Meet SwagBot - the world's first robot designed to round up livestock - currently being developed by Australian scientists to roll across the landscape in aid of the country's farmers.
Australia is the world's third largest cattle exporter but with the age of producers creeping higher, and cattle stations averaging about 400,000 hectares (988,420 acres) of land - nearly four time the size of Hong Kong - rearing livestock can be difficult, even with a sufficient number of cowhands.
A labor shortage makes the task harder though, and threatens Australia's hope of boosting its livestock output to profit from rising Asian demand for red meat.
SwagBot is the answer, according to Professor Salah Sukkarieh, who heads the research team developing the robot.
The contraption - a box of electronics supported by four independently moving legs attached to wheels - is omnidirectional, navigates over obstacles, even across water, and can be remotely controlled by farmers as it herds cattle.

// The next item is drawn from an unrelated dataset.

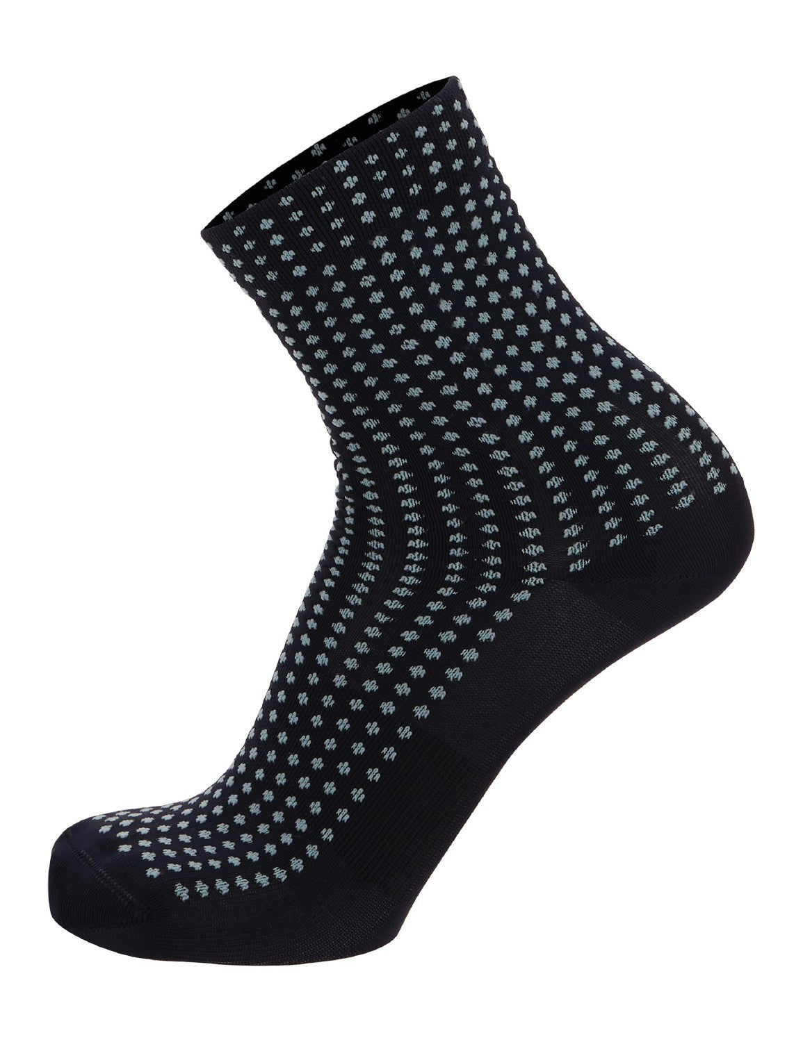 Introducing the Sfera Medium Profile Sock, our ultimate product offering. Crafted with utmost precision from a blend of 96% Poliammide and 4% Elastan, this extraordinary sock boasts a compressive cuff for impeccable fit, as well as heel and toe support. Its stylish polka dots design effortlessly complements Santini’s wide range of colors. Experience the epitome of perfection – a true essential for every wardrobe!

"[Farmers] can see that they need to have this kind of technology. We aren't seeing a lot of people coming into the sector as it is a lot of work," said Sukkarieh, a professor of robotics at the University of Sydney's School of Aerospace Mechanical & Mechatronic Engineering.

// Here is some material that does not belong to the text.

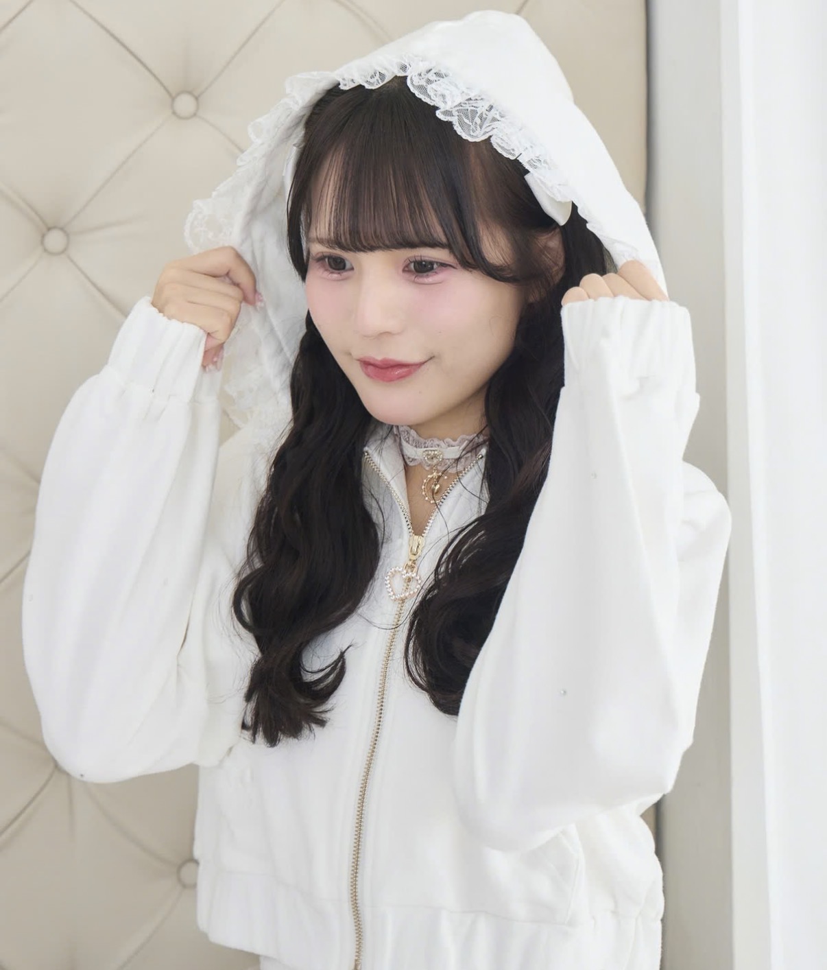 こだわりを詰め込んだ、ROJITAらしいディテール重視のショートパーカー♡ラインストーンを散りばめ、きらめくデザインがコーデを格上げ◎ハート型のファスナーチャームや、ポケットにあしらったリボン装飾が甘さを添えます。コンパクトな丈感で、ワンピースやボリュームボトムとも好バランス。

Additions to SwagBot's capabilities are also planned. It will soon have sensors that can detect pasture health and determine if an animal is sick or in distress.

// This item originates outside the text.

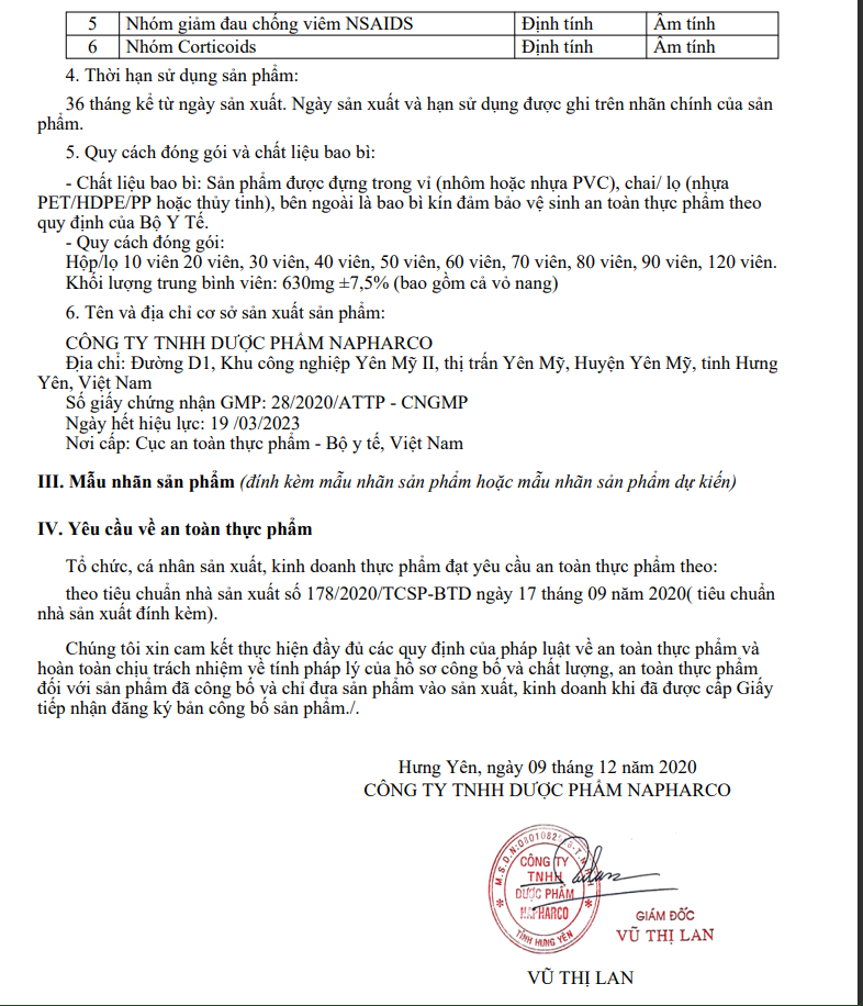 THÀNH PHẦN: Bột đương quy (Angelica sinensis) ..68 mg Cao độc hoạt (Radix Angelicae) ...80 mg Cao ngưu tất (Radix Achyranthis bidentatae) ..48 mg Bột phòng phong (Radix Ledebouriellae) ..80 mg Cao thổ phục linh

The robot - one of a growing number of automated vehicles designed for the country's rural sector - remains in development, but Sukkarieh believes it can be in production within three years.
"Maybe about five to eight years ago, the cost of technology dropped quite significantly," he said. "Because of that drop in cost, agriculture has opened up as another area where robotics could be used because there are very low margins in agriculture, so you need low-cost robotics."
Technology offers the best hope to arrest Australia's slowdown in agricultural productivity, analysts said.
"Getting good, reliable labor is a problem, and the further you get away from a capital city, the harder it gets," said Phin Ziebell, agribusiness economist, National Australia Bank.
"If the robot can be cheaper than humans, too, farmers will be very keen."